Lumen is deploying Ciena’s Blue Planet AI Studio across its network‑operations backbone, introducing a suite of AI agents that automate device‑model creation and digital‑network‑twin updates. By feeding real‑time OSS data into low‑code agents, Lumen aims to slash manual configuration cycles, free engineers for higher‑value work, and move AI from pilot to daily operation.
Why Lumen Is Turning to AI‑Driven Automation
Lumen runs one of the nation’s most intricate fiber and edge‑computing networks, and the sheer scale makes manual processes costly and error‑prone. The company needed a coordinated ecosystem of agents that can talk to each other across domains, not just a single AI model. That’s why the low‑code, OSS‑native platform fits its roadmap.
Low‑Code, OSS‑Native Platform
Blue Planet’s AI Studio offers an open, multi‑agent environment built directly into the operational support system. You can deploy pre‑crafted agents, plug in third‑party solutions, or build custom ones with a visual low‑code builder. The framework follows open standards, ensuring that agents stay interoperable as the network evolves.
Key Use Cases: Device Models and Digital Twins
The first rollout focuses on two high‑friction tasks: generating accurate device models and maintaining digital twins of the network. These chores usually consume weeks of engineering time, but AI agents can ingest live OSS data and produce updates in minutes. The result is a more responsive network that mirrors reality in near real‑time.
How the AI Agents Work Within Lumen’s OSS
Agents pull structured data straight from OSS APIs, eliminating the bulky data staging layers that slow down generic AI platforms. This direct line reduces latency and improves decision fidelity, so the system can react to changes faster than before.

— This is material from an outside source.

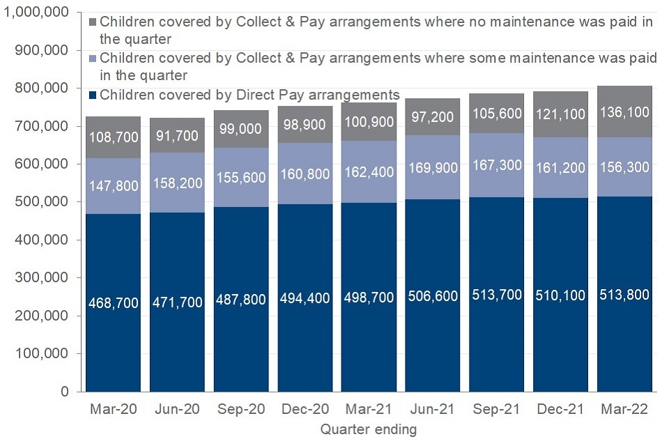 Children covered by Child Maintenance Service arrangements, March 2020 to March 2022
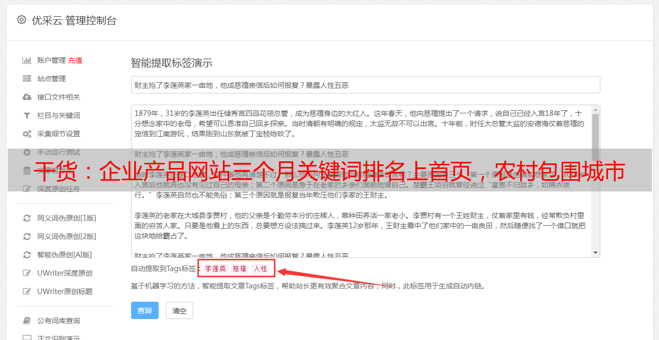 优采云 发布时间: 2022-08-09 04:36干货:企业产品网站三个月关键词排名上首页,农村包围城市

Direct API Integration Cuts Latency
Because the agents talk to the same APIs that engineers use daily, you’ll notice quicker feedback loops. The platform also logs every action, making it easy to audit and troubleshoot any unexpected behavior.
Empowering Engineers Without Deep ML Skills
Thanks to the low‑code builder, network specialists can translate their domain knowledge into reusable agents without writing complex machine‑learning code. It’s a shift from “we need data scientists” to “you can create the automation you need today.”
What This Means for Network Operations Teams
Automation promises to free engineers from repetitive inventory reconciliation, configuration drift, and topology mapping. With those tasks offloaded, teams can focus on service innovation, like dynamic provisioning or real‑time QoS adjustments. The overall impact is higher efficiency and lower risk of human error.
- Reduced manual configuration cycles
- Faster device‑model generation and twin updates
- Foundation for future fault management and capacity planning automation
Next Steps and Future Expansion
The rollout follows a phased approach. Early pilots will validate device‑model and twin use cases, then the agent ecosystem will expand to cover fault detection, capacity planning, and service assurance. Third‑party developers are also invited to contribute specialized agents, enriching the marketplace.
Practitioner Insight
“We’ve seen the bottleneck in device‑model updates for months. If the AI agents can generate accurate models from live OSS data, it will shave days off our rollout cycles,” says Sarah Patel, senior network engineer at Lumen.